И злился на себя за то, что крамольные мысли о родном отце до сих пор вселяли в него чувство стыда.
К счастью, в этот момент явился слуга с непритязательным кожаным ящиком размером с футляр для тюрбана. Слуга поклонился и поставил шкатулку у ног Гасана. Он повернулся, собираясь уходить, но Гасан поманил его ближе и шепотом отдал какой-то приказ, которого Али не расслышал. Слуга кивнул и удалился.
– Не стану тебя задерживать, Али, – сказал Гасан. – Ты проделал долгий путь и, наверное, больше всего мечтаешь сейчас о горячей ванне и мягкой постели. Но у меня есть для тебя кое-что, что по традиции должно перейти в твое владение, – он кивнул на ящик.
Али неуверенно взял его. Чувствуя на себе внимательный взгляд отца, он осторожно приподнял крышку. Внутри обнаружился красивый прямой клинок – кинжал Дэвов.
Кинжал показался ему знакомым.
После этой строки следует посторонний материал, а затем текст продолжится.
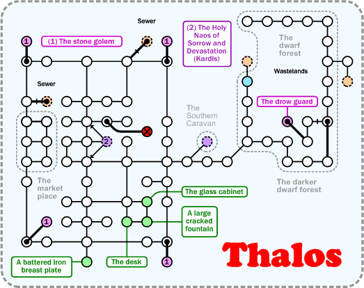 Thalos was once the most powerful nation in Realms, a constant thorn in the side of Darkness, an ever-vigilant defender of Light. It was not surprising then that, after another victory against Lord Seth's forces, a magical black mist was unleashed on the city. Any who entered the foul mist were dead within minutes, poisoned by the deadly vapors. When the dark cloud lifted, Thalos was left in ruins, its once slavebound lamias now deadly creatures. A beholder was left to rule over the wreckage. None have attempted to rebuild Thalos, for they say it is cursed for all time...

Али нахмурился.
– Это кинжал Нари?
Он вспомнил, что она часто носила такой клинок за поясом.
– На самом деле, клинок принадлежал Дараявахаушу, – ответил отец. – Должно быть, он подарил его ей, когда уезжал из Дэвабада. – Гасан откинулся на подушках. – После его смерти комнаты Нари тщательно обыскали, и мне не захотелось оставлять такое оружие в ее распоряжении. Ты убил его. По праву оно твое.
Внутри что-то перевернулось. Они украли клинок у Нари, чтобы передать Али? Точно какую-то награду?
– Мне это не нужно. – Али со стуком захлопнул крышку и оттолкнул от себя ящик. – Его убили мариды. Я всего лишь оказался их инструментом.
– Но об этом ты никому не будешь рассказывать, – предостерег Гасан тихо, но категорично. Когда Али и после этого не взял шкатулку, он вздохнул. – Поступай с ним, как знаешь, Ализейд. Он твой. Верни Дэвам, если тебе он действительно не нужен. В Великом храме Афшину посвятили алтарь и думают, мне о нем ничего не известно.
Гасан поднялся на ноги. Али последовал ему примеру.
– Я повторю вопрос Мунтадира… Когда я смогу вернуться в Ам-Гезиру?
– После Навасатема.
У Али чуть не подкосились ноги. Отец не мог так с ним поступить.
– До Навасатема целых семь месяцев.
Гасан пожал плечами.
– Ни одна живая душа в Дэвабаде не поверит, что мы не поссорились, если мой младший сын, которому во всем мире нет равных в боях на зульфикарах, уедет, не дождавшись величайшего турнира столетия. Ты останешься и отпразднуешь Навасатем в кругу семьи. А потом уже обсудим твой отъезд.
Али начал паниковать. Он не может все это время оставаться в Дэвабаде.
– Аба, – выпалил он в отчаянии. Он не хотел называть отцом того, кто забросил его в жаркие пески пустыни на верную погибель. – Умоляю тебя. В Ам-Гезире меня ждут важные дела.